ListVector<T> is the underlying representation for such columns:
// Create a data frame with a list-valued column
var ids = Vector.Create(new[] { 101, 102, 103 });
var measurements = Vector.CopyFromAsLists(new[] {
new[] { 1.5, 2.3, 1.8 },
new[] { 4.1, 3.9, 4.5, 4.2 },
new[] { 2.1, 2.0 }
});
var df = DataFrame.FromColumns(
("ID", ids),
("Measurements", measurements)
);
Console.WriteLine(df);You can compute statistics on list-valued columns and add them as new columns:
// Compute statistics on list column
var measCol = df["Measurements"].As<IReadOnlyList<double>>();
var listVector = measCol as ListVector<double>;
if (listVector != null)
{
var means = listVector.AggregateLists(Aggregators.Mean);
df["Mean"] = means;
var counts = listVector.GetListLengths();
df["Count"] = counts;
}
Console.WriteLine(df);This pattern is particularly useful when working with grouped data that you want to preserve in a structured format rather than flattening immediately.

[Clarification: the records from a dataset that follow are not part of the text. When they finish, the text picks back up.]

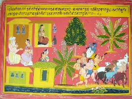 | Description / विवरण | Miniature painting based on Harivansha depicting the childhood of Krishna. He is depicted playing and herding the cows with gopas in the left part. In right part, Nanda is depicted talking with Yashoda. |
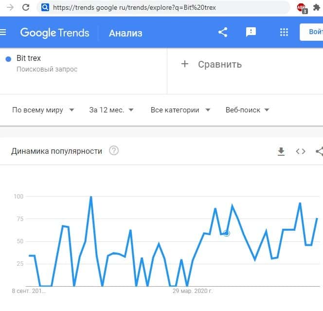 Активность поисковых запросов на сайте trends google ru по бренду "Bit Trex" с пробелом в прошлом году достигала 100, а в последнее время составляла от 20 до 80.
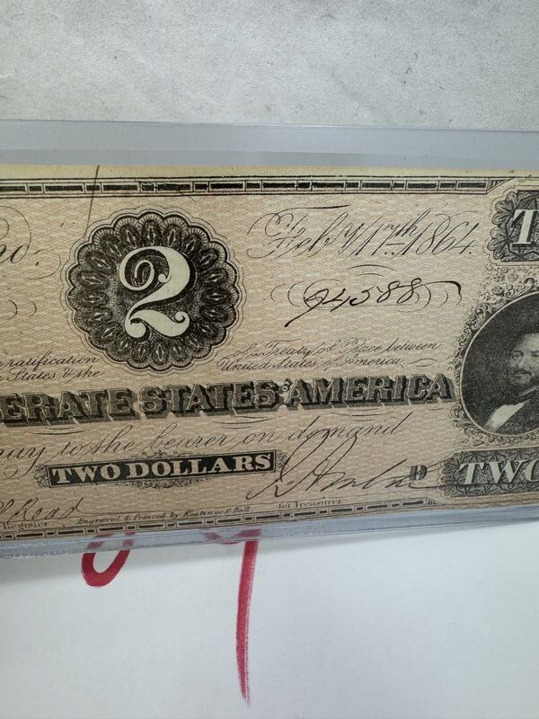 Authentic confederate states of America, two dollar bill see photos for description sold as as
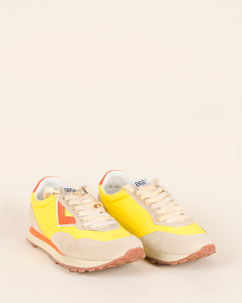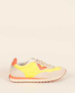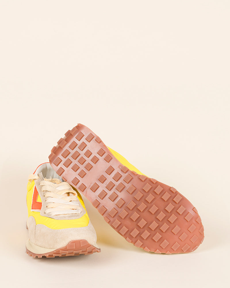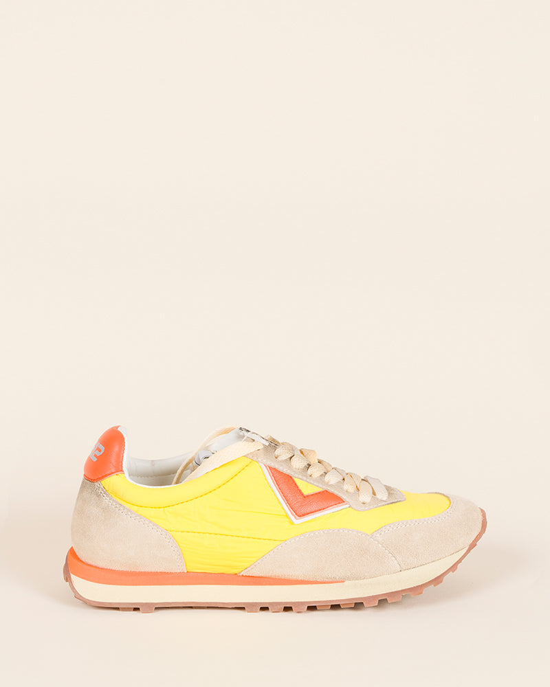 baskets femme / style running rétro / textile jaune / empiècements suédine beige / détails orange / lacets écru / semelle épaisse
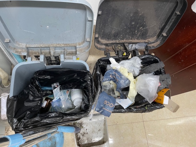 在检查过程中发现,学院实验室安全整体情况良好,但也存在一些隐患,如:1.部分实验室个人防护不到位,包括未穿实验服、穿拖鞋等进入实验室;2.实验室废弃物未规范处置,垃圾未分类;3.实验做完通风橱上危险化学品未及时放回原处;4.试剂标识不清;5.将食物或饮用水带入实验室等。此外,由于天气逐渐炎热,部分实验室通风不畅导致异味较大。
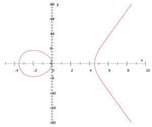 A drawing of the real points of the curve y2 = x3  x2  16x.
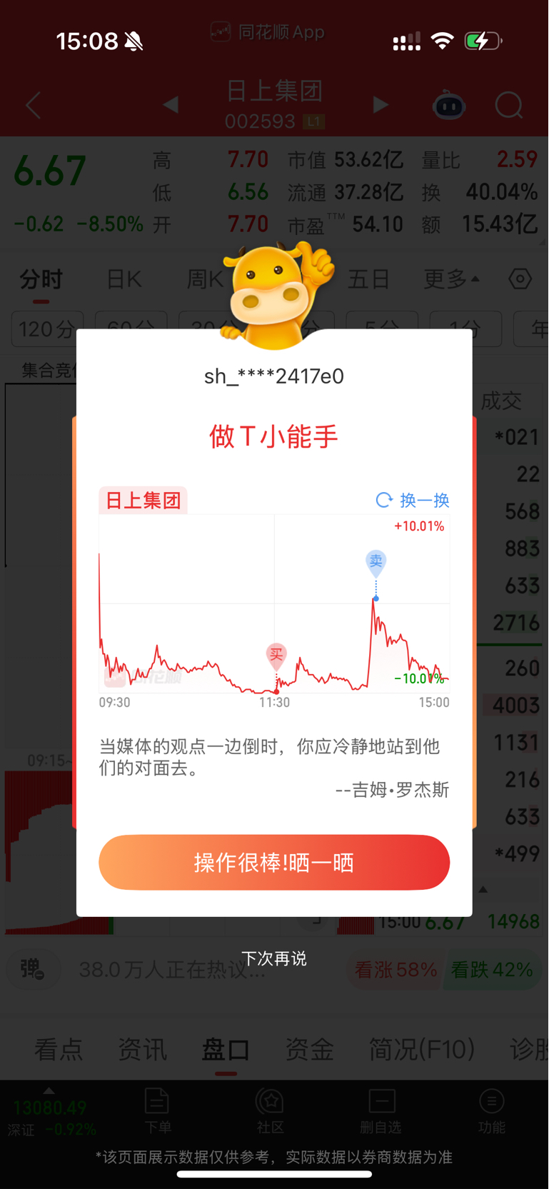 温馨提示: 1.根据《证券法》规定,禁止编造、传播虚假信息或者误导性信息,扰乱证券市场;2.用户在本社区发表的所有资料、言论等仅代表个人观点,与本网站立场无关,不对您构成任何投资建议。用户应基于自己的独立判断,自行决定证券投资并承担相应风险。《东方财富社区管理规定》
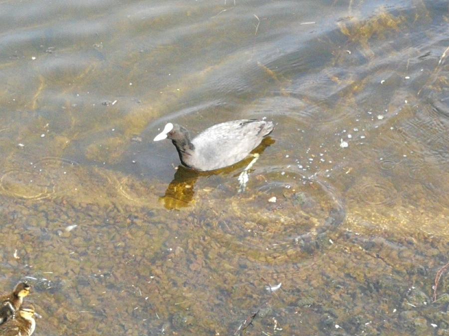 Удельный парк во время карантина стало посещать гораздо меньше людей, чем раньше. Возможно, в связи с этим здесь стали появляться редкие птицы. Пруд рядом с парком для посещения не закрыт, и здесь можно покормить птиц, преимущественно уток и чаек. Неожиданно среди уток, плывущих к нам из камышей, мы заметили черную птицу с белым пятном на голове и белым клювом. Необычная птица выделялась на фоне уток и чаек своим странным стилем плавания и умением нырять. Она как будто шла по дну и была более пуглива, чем утки, всем своим видом показывая, что является редким гостем в «удельных» краях. «Это лебедь!» - закричали дети, вызвав улыбки у прохожих. Мы предположили, что это нырок, и сделали несколько фотографий необычной утки. Однако оказалось, что это вовсе и не утка, а скорее журавль - птица из семейства пастушковых и отряда журавлеобразных и называется «лысухой». Об этом рассказал нам, взглянув на фотографии, кандидат биологических наук, старший научный сотрудник Зоологического института РАН Игорь Доронин, проживающий в Коломягах. Он отметил, что это не такой уж и редкий вид птиц, обитающий в окрестностях Санкт-Петербурга. Тем не менее, «наш журавль», как прозвали птицу дети, моментально стал их любимцем, и на следующую прогулку корм был приготовлен специально для него. Но когда мы вернулись на пруд, лысуху не обнаружили.
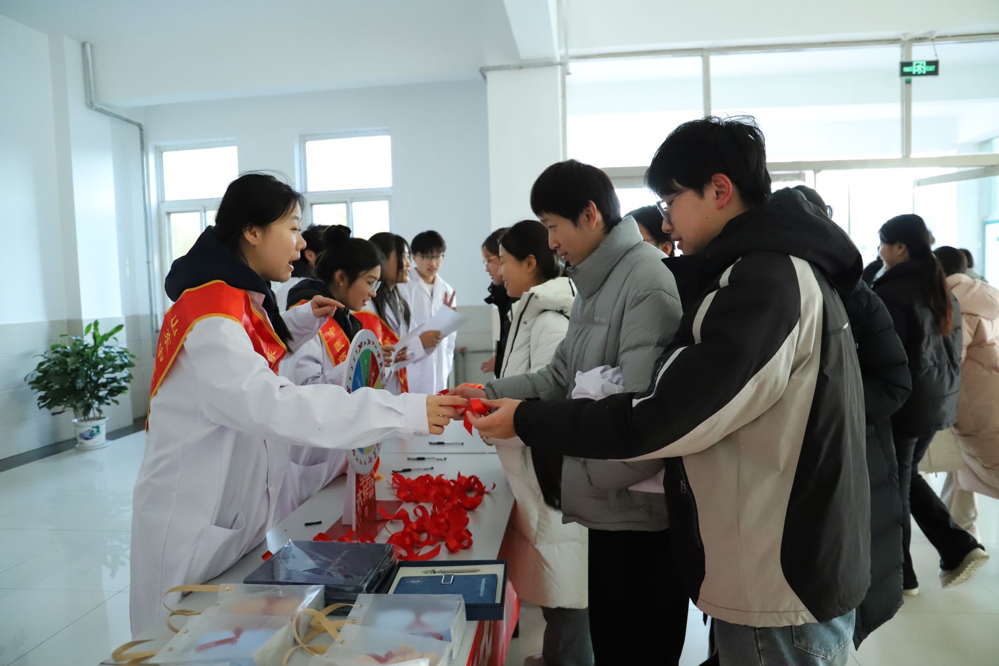 本次活动宣传形式多样,现场设置三大特色模块:知识闯关区,学生通过转动“防艾大转盘”随机抽取问题,在趣味问答中掌握“安全套正确使用”“暴露后黄金阻断72小时”等核心知识;承诺打卡区,以巨幅红丝带墙为载体,参与者写下“主动检测,拒绝歧视”等宣言并拍照打卡,传递防艾责任感;红丝带接力赛,同学们两两结对互系红丝带,以肢体互动强化“支持与陪伴”的温暖寓意。
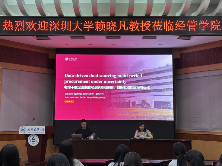 本网讯 6月28日,深圳大学管理学院赖晓凡教授应邀到经管学院举办题为“考虑不确定因素的双源多周期采购:数据驱动的建模与优化”的学术讲座。讲座由经管学院副院长章蓓蓓主持,学院教师、硕士研究生共80余人参加。
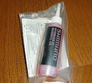 下準備 ブリーディングキットを用意しておきます。シマノのブリーディングキットにはフルード(ミネラルオイル)・注入ボトル・排出ホース・排出オイル受けビニール袋が同梱されています。 オイルはHayesのDOTとは互換性がありません。 工具は7mmコンビネーションレンチ キャリパーのスペーサー 自転車はスタンドにセットすること。 |
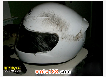 這張圖片應該大家都有印象吧,這是在以時速70mph,約112km/h發生事故,頭盔在地上滑行的慘狀。如果用劣質的安全帽,其實跟沒帶是一樣的效果。
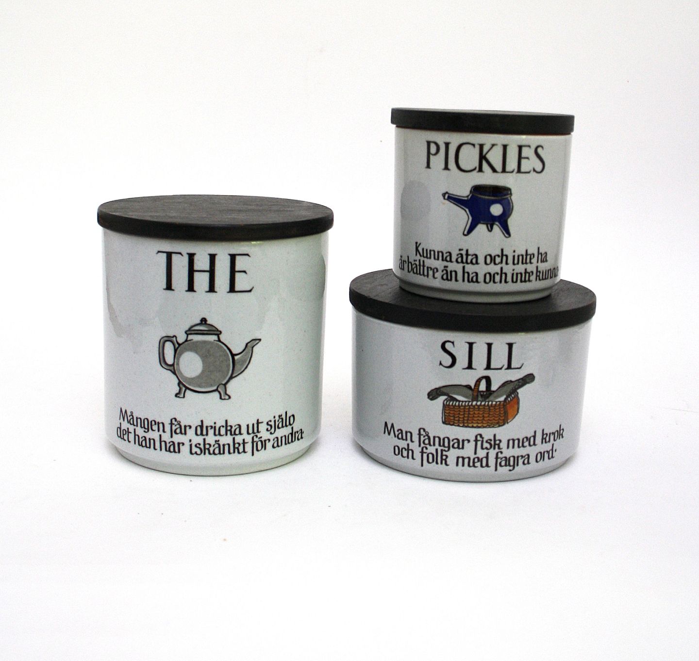 Knabstrup, Ordssprogserien med svensk tekst. Grå krukker med sort trælåg. Flot stand.
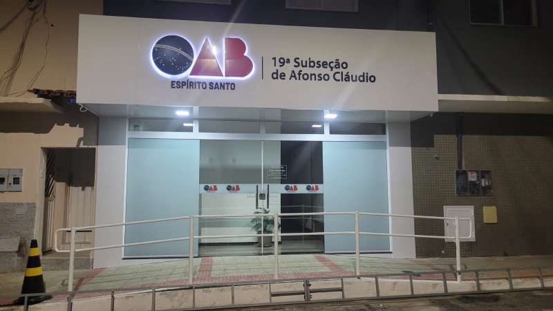 O presidente da OAB do Espírito Santo, José Carlos Rizk Filho, e o presidente da 19º Subseção, Gustavo Guimarães entregaram a nova sede para a advocacia dos municípios de Afonso Cláudio, Laranja da Terra, Serra Pelada (Distrito de Afonso Cláudio) e Sobreiro (Distrito de Laranja da Terra). A 19ª Subseção foi criada em 2021 e é uma das mais novas do Estado.
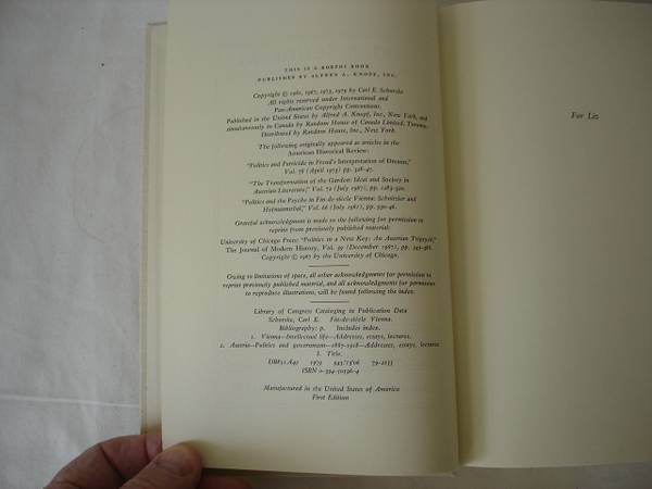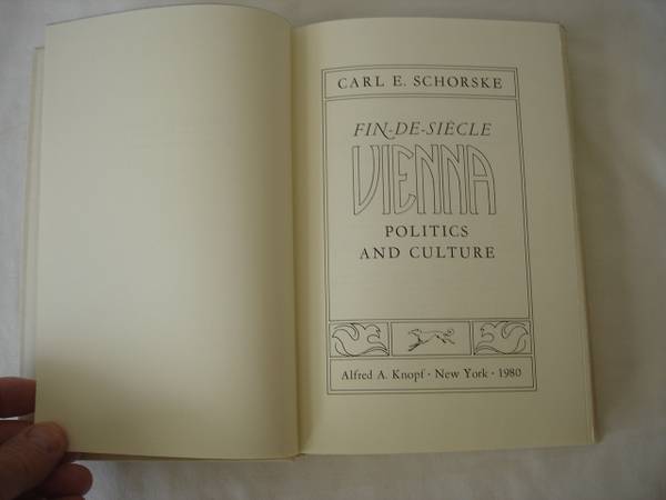 Fin-de-Siecle Vienna: Politics and Culture, by Carl E. Schorske. Hardcover with Dust Jacket – This is a Borzoi Book Published by Alfred A. Knopf, Inc. Manufactured in the USA, First Edition – 1979. ISBN: 0-394-50596-4. 378 Pages Which Includes the Index.
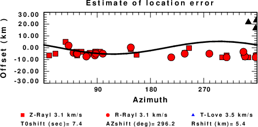 The derived shift in origin time and epicentral coordinates are given at the bottom of the figure.

When to Use ListVector<T> vs Other Representations
Use ListVector<T> when:
List lengths vary meaningfully and should be preserved.
The grouping structure is important for analysis or aggregation.
You want to perform per-list operations or transformations.
The data naturally arises from a grouping operation.
Use dense matrices when:
Data is naturally rectangular (all rows/columns have the same length).
You have already padded or truncated lists to a fixed length for downstream algorithms (e.g., machine learning or statistical methods that require rectangular input).
In many workflows, you may start with a ListVector<T> to preserve the natural structure of your data, perform per-list analysis, and then convert to a matrix when needed for algorithms that require rectangular data.